Time Considerations:

It will take around 1-2 hours from tumor harvest to incubation of the chopped tissue. MGOs form after one to four weeks of incubation, depending on the maturity of the parental tumor. Finally, the generation of monolayer cell lines takes around 30 minutes, and an established monolayer cell line takes about one to two weeks depending on the purity of the tumor and the necessity of cell sorting.

Table 1.

Troubleshooting Guide for MGO generation, culture, and maintenance.

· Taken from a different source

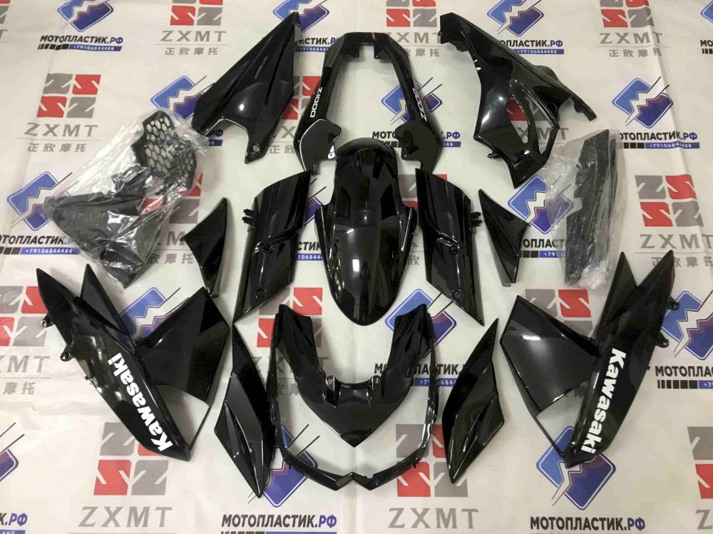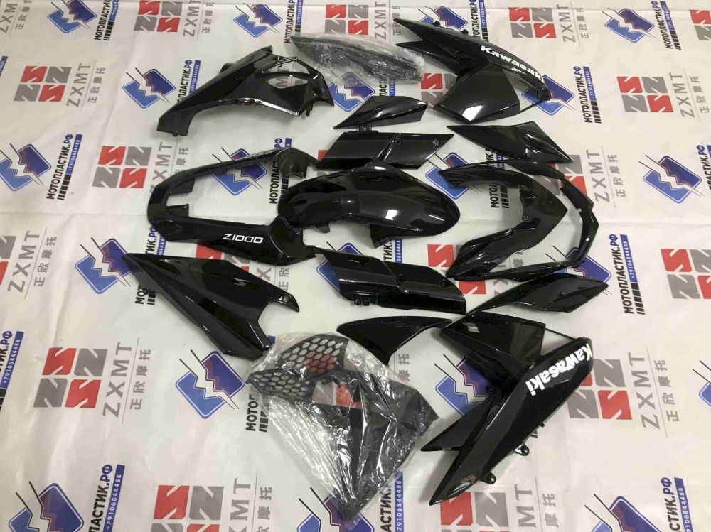 • ㋛ В данный комплект пластика для мотоцикла Kawasaki Z1000 2010-2013 входят абсолютно все детали пластиковых элементов облицовки мотоцикла: передний пластик, боковой пластик, переднее крыло, пластик хвоста, накладки воздуховодов, внутренний пластик  обтекателя. Точную комплектацию уточняйте, пожалуйста, у менеджеров магазина.

Problem	Possible Cause	Solution
MGOs become necrotic in the center and disaggregate over time.	When MGOs reach a diameter of ~1mm, their core doesn’t receive nutrients to maintain cell viability which necrotizes. The fragments released by these moribund MGOs are usually unable to generate new viable MGOs.	Ensure you are maintaining the MGOs with a diameter smaller than ~1mm and change media frequently to avoid media turning yellow.
Thawed MGOs are unable to grow and die over time.	The state of the MGOs in the moment of freezing is highly important. Unhealthy or excessively big MGOs will have trouble to regrow after freezing and thawing.	We recommend freezing them when the MGOs have become spherical after a maintenance cutting.
MGOs don’t become fully spherical, maintaining non-tumor tissue.	Microdissection of the tumor mass was incomplete, fragments of non-tumor tissue remained attached to the tumor.	These non-tumor tissue fragments usually disappear over time, however, if they are more abundant than pure tumor fragments they can delay or block MGO development. Stricter microdissection is advisable to improve MGOs development and viability.

DATA AVAILABILITY STATEMENT:

The data that support the protocol are available from the corresponding author upon reasonable request.